[INFORMATION SHOWN]

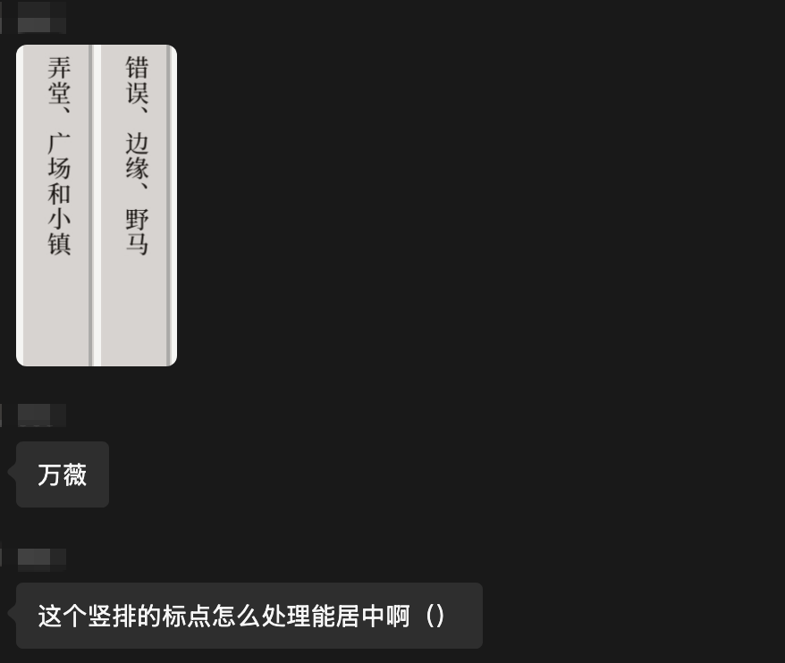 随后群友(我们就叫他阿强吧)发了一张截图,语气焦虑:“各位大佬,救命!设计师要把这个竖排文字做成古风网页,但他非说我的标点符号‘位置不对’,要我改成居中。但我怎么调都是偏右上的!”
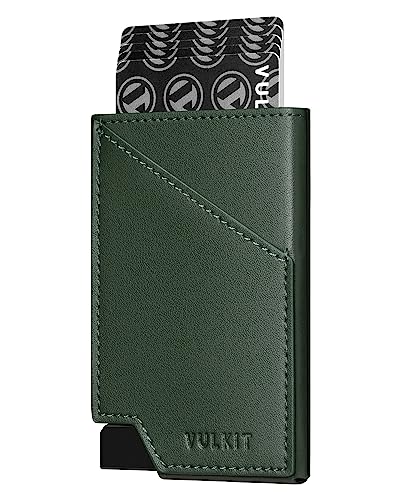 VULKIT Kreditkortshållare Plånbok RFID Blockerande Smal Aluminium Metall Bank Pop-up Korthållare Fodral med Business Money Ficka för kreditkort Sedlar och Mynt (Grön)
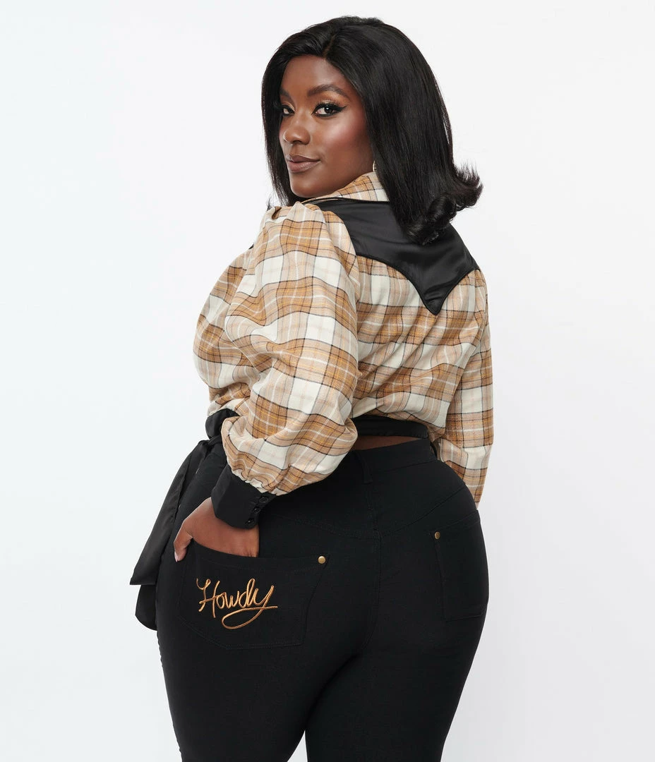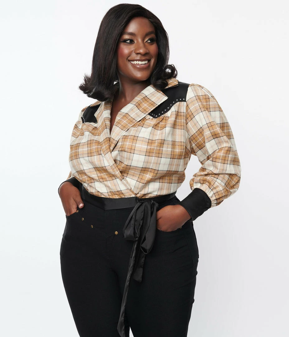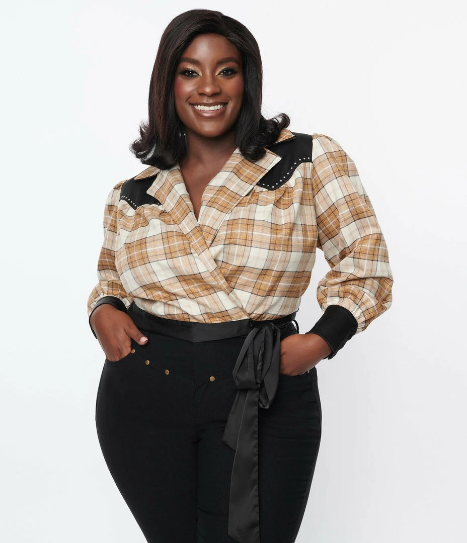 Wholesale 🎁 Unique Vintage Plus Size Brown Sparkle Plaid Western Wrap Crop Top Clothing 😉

[WHAT TO DO]
Output the data above without changes, apart from leaving out the pictures.

[RESULT OF THE EXERCISE]
 随后群友(我们就叫他阿强吧)发了一张截图,语气焦虑:“各位大佬,救命!设计师要把这个竖排文字做成古风网页,但他非说我的标点符号‘位置不对’,要我改成居中。但我怎么调都是偏右上的!”
 VULKIT Kreditkortshållare Plånbok RFID Blockerande Smal Aluminium Metall Bank Pop-up Korthållare Fodral med Business Money Ficka för kreditkort Sedlar och Mynt (Grön)
 Wholesale 🎁 Unique Vintage Plus Size Brown Sparkle Plaid Western Wrap Crop Top Clothing 😉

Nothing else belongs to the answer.